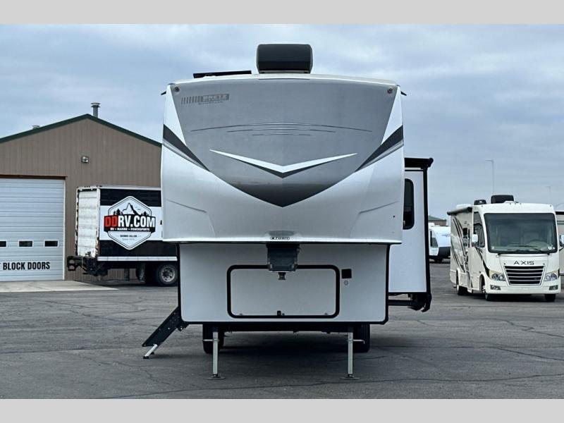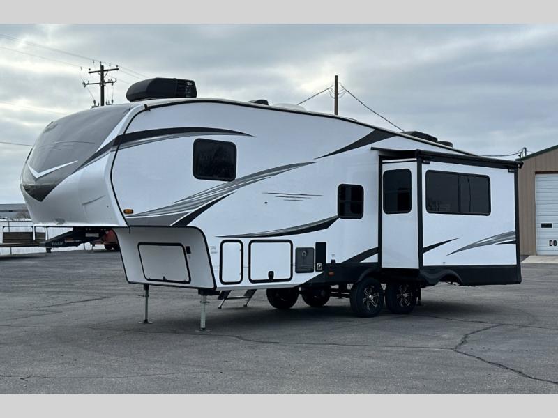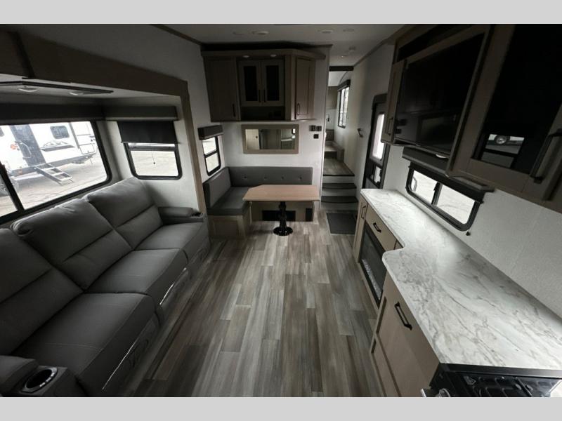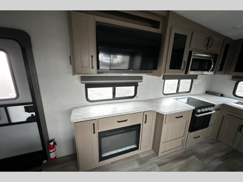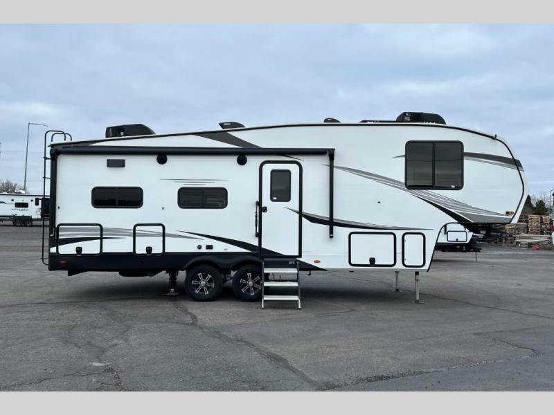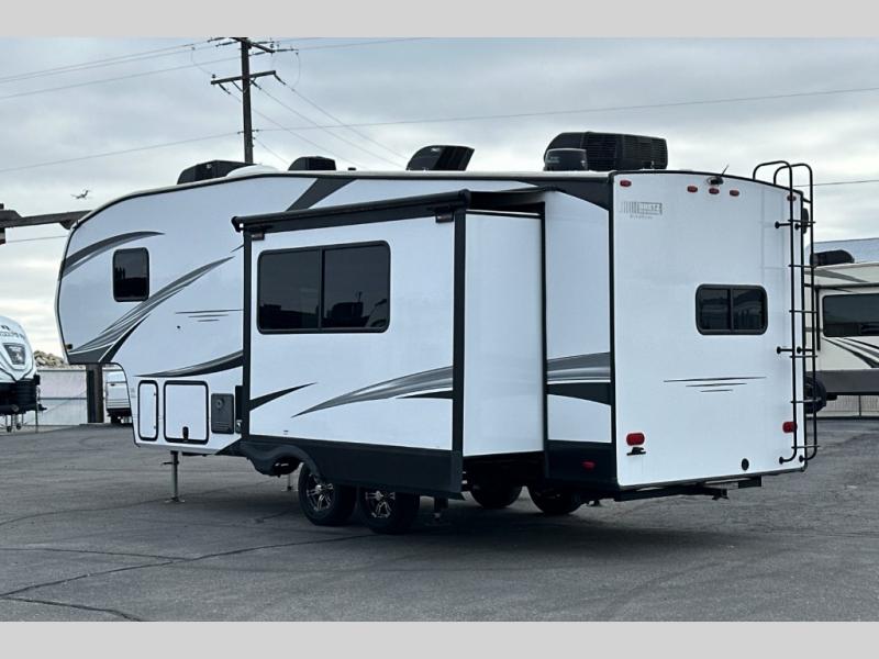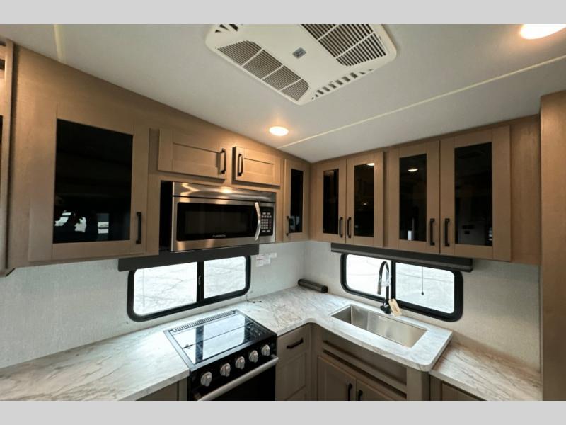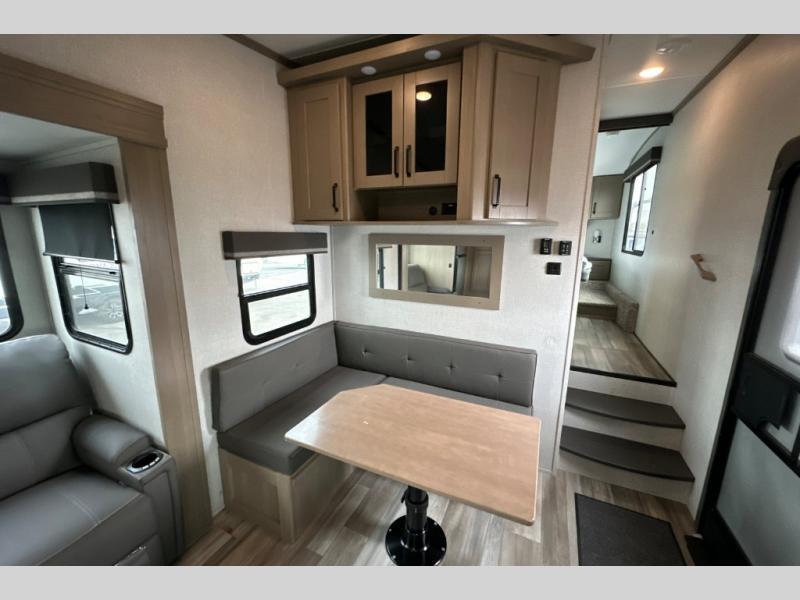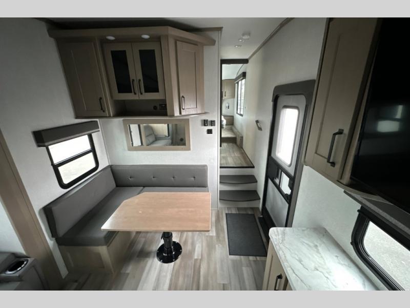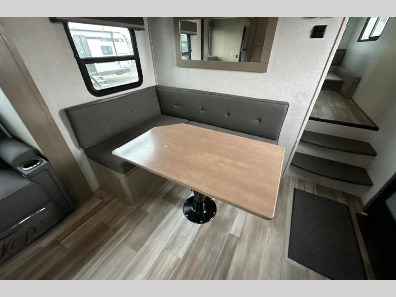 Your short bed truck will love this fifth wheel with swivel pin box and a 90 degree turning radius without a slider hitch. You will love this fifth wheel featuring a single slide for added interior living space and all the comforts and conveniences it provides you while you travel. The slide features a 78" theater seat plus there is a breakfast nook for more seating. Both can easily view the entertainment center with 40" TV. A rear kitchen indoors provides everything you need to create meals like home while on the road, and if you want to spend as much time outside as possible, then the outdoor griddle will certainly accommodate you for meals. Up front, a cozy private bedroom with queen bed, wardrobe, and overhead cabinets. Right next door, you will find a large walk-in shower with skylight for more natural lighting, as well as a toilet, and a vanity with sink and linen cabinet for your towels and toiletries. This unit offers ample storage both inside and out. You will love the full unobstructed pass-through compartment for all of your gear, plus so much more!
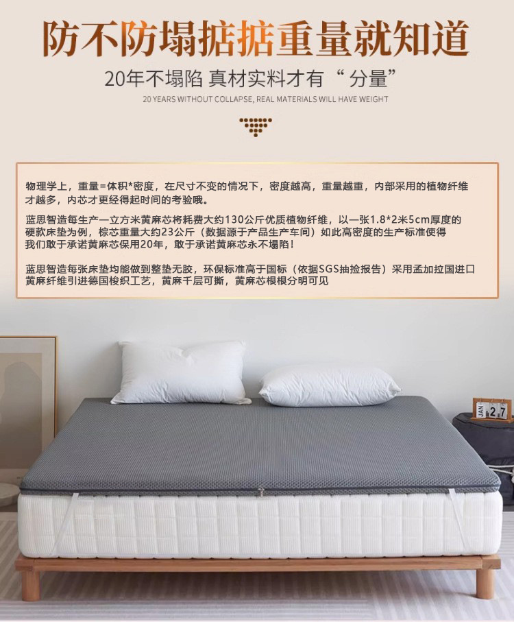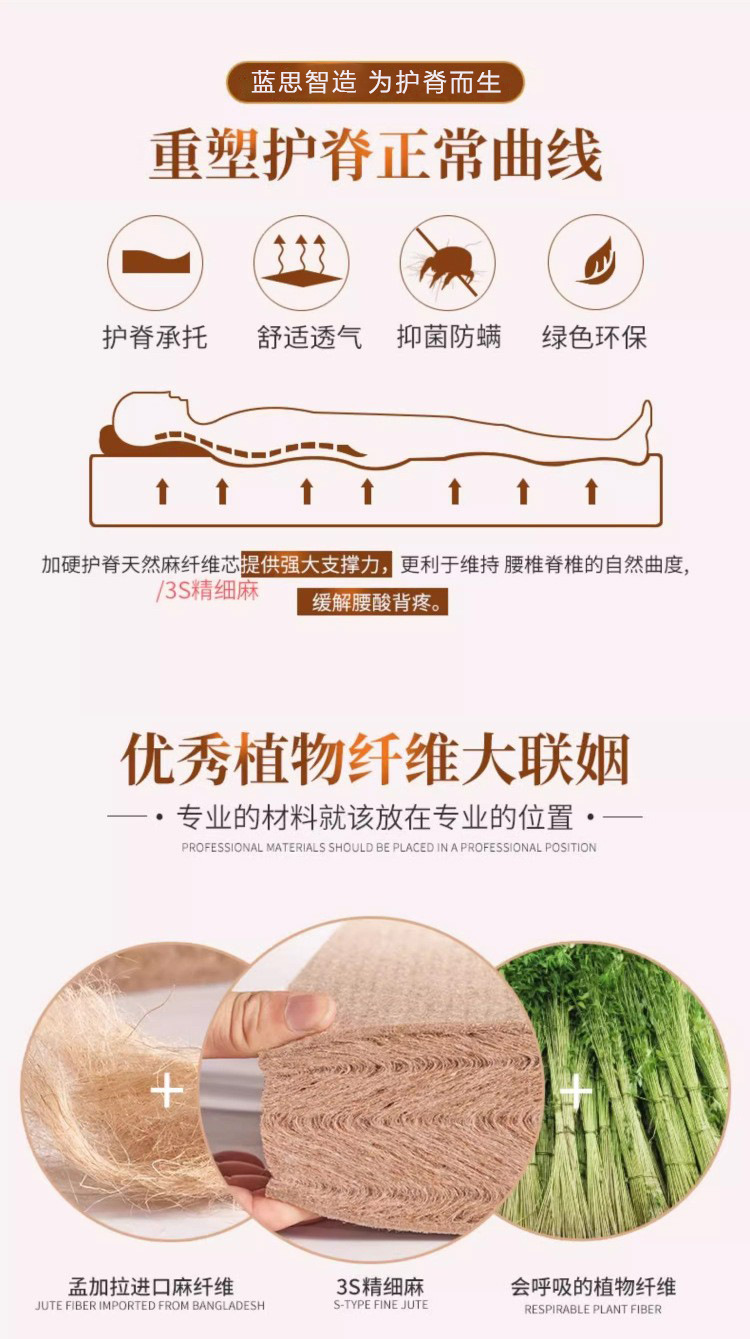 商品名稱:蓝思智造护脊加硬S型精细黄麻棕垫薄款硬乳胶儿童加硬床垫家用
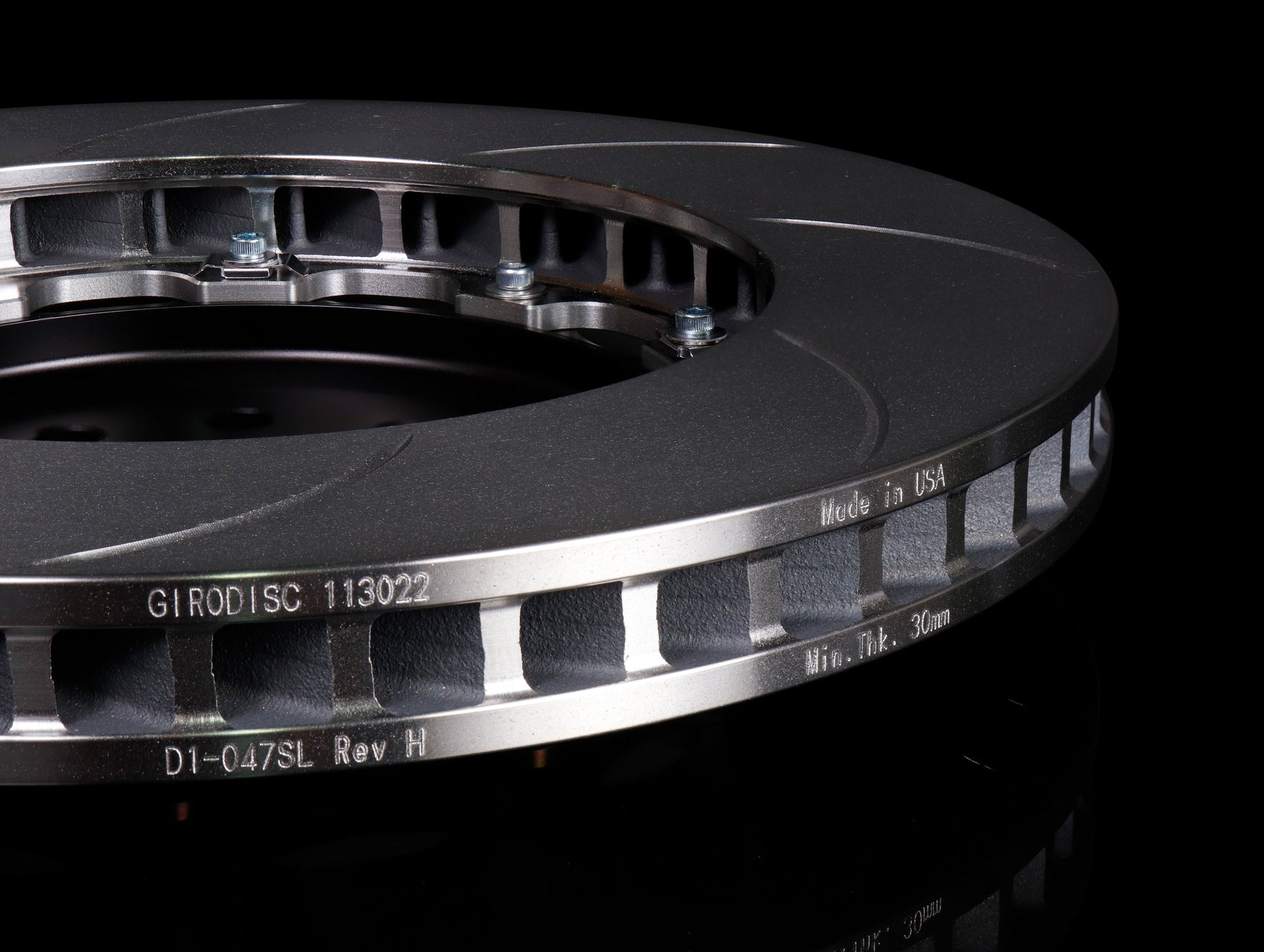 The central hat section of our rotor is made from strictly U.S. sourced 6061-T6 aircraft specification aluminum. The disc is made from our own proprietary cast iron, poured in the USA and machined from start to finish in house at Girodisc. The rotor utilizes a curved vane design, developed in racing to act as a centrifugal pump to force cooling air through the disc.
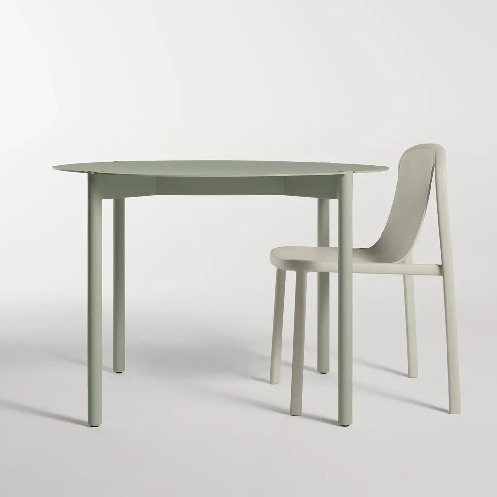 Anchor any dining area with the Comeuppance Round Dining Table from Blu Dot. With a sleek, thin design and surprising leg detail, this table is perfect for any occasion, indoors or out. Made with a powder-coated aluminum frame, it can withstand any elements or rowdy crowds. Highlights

--- --- ---

- DIRECTIONS -
Write out exactly the lines from the line that contains "The central hat" through the end of the material, including both ends. No pictures belong in the copy.

- RESULT OF THIS TASK -
 The central hat section of our rotor is made from strictly U.S. sourced 6061-T6 aircraft specification aluminum. The disc is made from our own proprietary cast iron, poured in the USA and machined from start to finish in house at Girodisc. The rotor utilizes a curved vane design, developed in racing to act as a centrifugal pump to force cooling air through the disc.
 Anchor any dining area with the Comeuppance Round Dining Table from Blu Dot. With a sleek, thin design and surprising leg detail, this table is perfect for any occasion, indoors or out. Made with a powder-coated aluminum frame, it can withstand any elements or rowdy crowds. Highlights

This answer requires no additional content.